What was most striking was that everything felt less stressful when she was around, because I was thinking about her and not it. Even with the power turned down a bit, Crystal was still Crystal, not some theoretical person fighting a terrible disease. One day, she didn’t feel like going into work between radiation sessions, so we both worked from my place. She gave me a pep talk about my new project and rattled off a long email of advice to a friend of mine who was getting a startup off the ground. Even the night before she died, she was updating me on new developments with her organization, China Residencies, and laughing over ice cream.

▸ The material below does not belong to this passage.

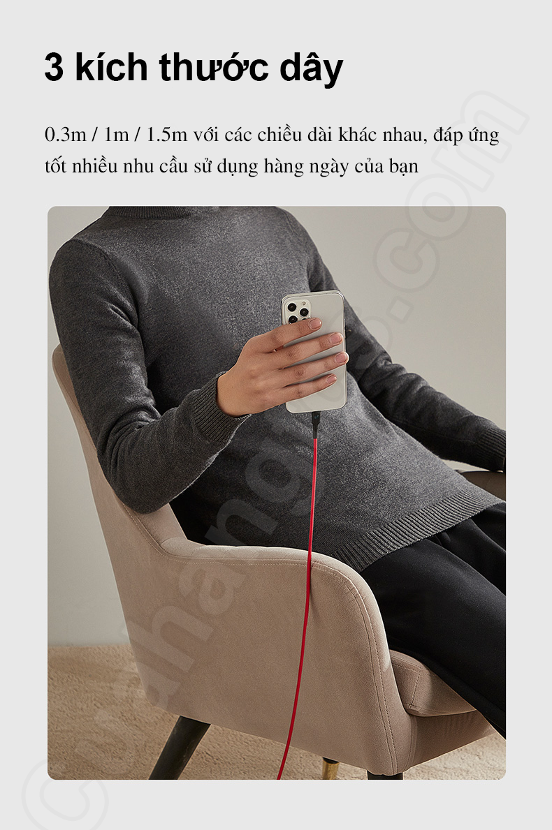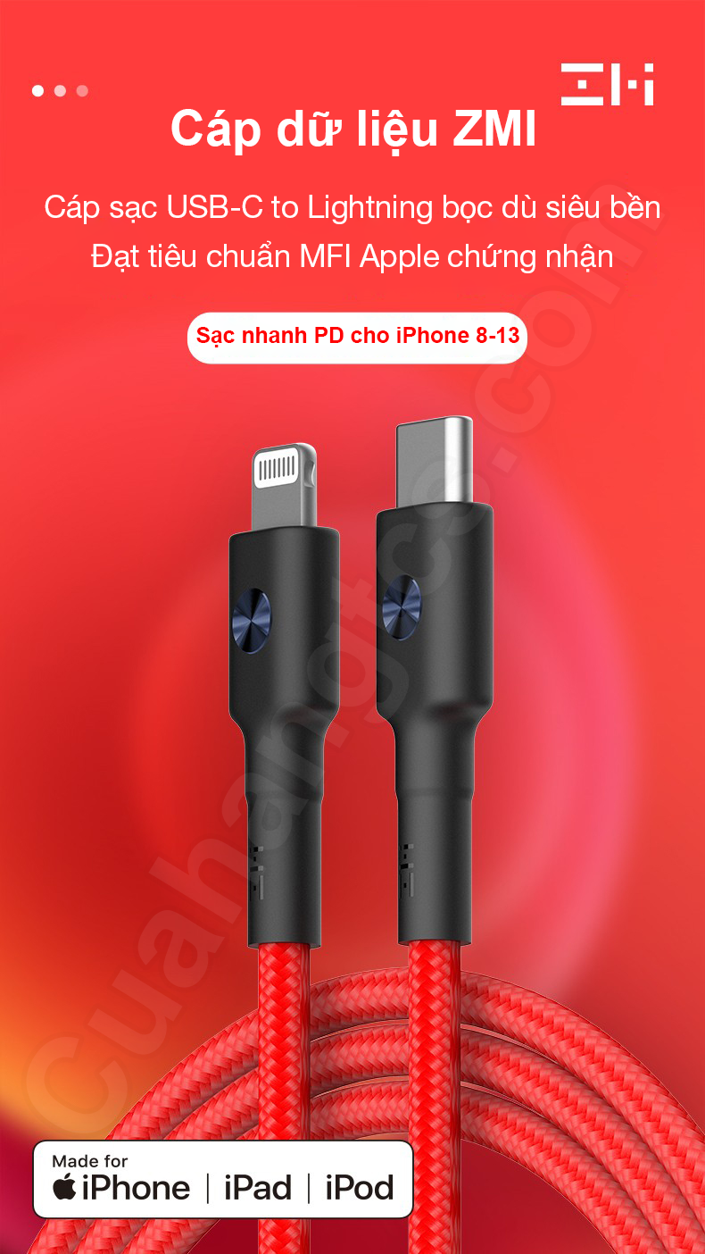 Việc kết nối những chiếc Iphone 8, 8 Plus, X, XS,… với các thiết bị sử dụng giao thức Lightning đã không còn khó khăn nữa vì đã có Cáp sạc nhanh PD chuẩn MFI type C to Lightning ZMI AL873K. Sản phẩm không chỉ đáp những tính năng cần có của một thiết bị sạc nhanh mà còn đáp ứng nhu cầu khách hàng với nhiều kích thước dây khác nhau.

After she passed, I became all too familiar with the clichés and narratives about cancer. Some clearly wanted to paint our relationship as some sort of Nicholas Sparks romantic melodrama, when in reality, she organized her life to not be that. I’ve met people who’ve stood by partners through years of illness, but there are other roles for people in relationships where one person is sick. She had strong partners in her treatment before I got there, and while I was there for her, being the primary source of support wasn’t my role or what she wanted my role to be. She just wanted a boyfriend.
People also tried to soften the word “died” by saying “lost her battle with cancer” instead. I understand why people want to phrase illness and death in more elegant terms and talk about the nobility of sick people. But delicate phrasing can’t soften the inevitable pain and angst that comes with watching a vibrant person you love fall ill and die. And the cancer cliché distracts from the richer reality. Crystal wasn’t tough or courageous because she was sick. She was just as determined and strong when it came to work or travel or supporting friends or trying to convince me to use Google+. She didn’t die in battle. She died living her life.
The first time we had a frank conversation about cancer, Crystal told me, “I have an awesome life with a bad thing in it.” Though the bad thing raised its voice in Crystal’s final weeks, she never seemed to let it define her. She lived her life. I’m so glad she let that include me.